On the menu is a pasta dish based on a family recipe: Nonna’s butternut and ginger ravioli. It was inspired by his grandmother’s cooking. I ask him what she thinks about her grandson’s latest venture.
“Oh, she’s very proud. I grew up staying with her so obviously we were cooking together and, in Italy, usually the grandmother stays at home and cooks for all the other family members.
“We have a big 14-seater table and we all sit there and my grandmother prepares dinner and lunch. That’s how the passion started and that’s how I learned from a very young age.”
At one of the bars, someone drops a glass. Persegani flinches slightly.
“Do you ever think, ‘What the fuck am I doing?’” I ask.
“Oh my God, every day. I already knew it was hard,” he says.
“Obviously, a new country, new way of managing the business. Different people, different approaches. Obviously, I had more to learn and in a very fast way.”
He is philosophical.
“You will never be successful if you don’t suffer first. And the restaurant business is something where you need to sacrifice everything. Your life, your free time, your private life, everything. There’s no life. I’m here all day. Every day.”

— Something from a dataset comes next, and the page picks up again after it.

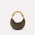 Suede hobo bag with metal top handle
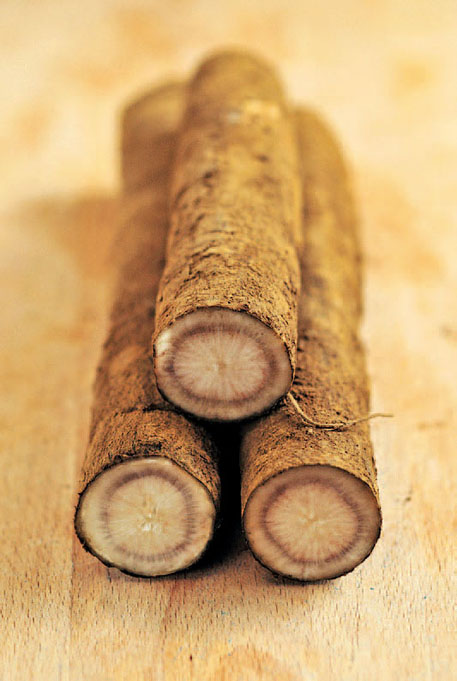 许多许多年前初次在日本料理店吃sukiyaki牛肉锅,除了那一大盘雪花白的牛肉,那一堆高丽菜、春菊、豆腐、粉丝(或苟蒻丝)和两只鸡蛋,还有一大堆泥土色的切成丝状的物体,未知贵姓大名,先把它放在锅里翻滚,热了一下也不觉其变软变滑,迫不及待径自放进嘴里,一嚼就嚼出浓烈的草根味,微苦带甘很有嚼劲——自认吃得苦中苦(如生吃苦瓜)的我欣然接受这草根阶层,细问之下才得知这叫牛蒡,日本人的至爱。之后一直吃吃喝喝,晓得日本料理的前菜小碟中有用牛蒡炒牛肉丝,下了甜甜的酱油还撒上好些烘过的芝麻,爽脆香口,主菜也有用上土鳅和牛蒡的柳川锅,滑嫩与粗糙同在,吃得很是过瘾。

Meanwhile the Sinn machine purrs on smoothly. But I realise the conductor has to get back to his kitchen.
“What should I order as a main?,” I ask before he goes.
“Osso buco hotpot,” he says without hesitation.
This braised beef dish is slow-cooked overnight, Persegani says, so it is “super soft”.
“There’s still the bone and the marrow inside. Then everything gets assembled and then reheated in the wood fire oven.”
It is served on a Parmesan risotto.
Not too long after my waiter opens the hotpot with a dramatic flourish.
The dish was perfect, melt-in-the-mouth deliciousness. My mouth is watering again, just typing this.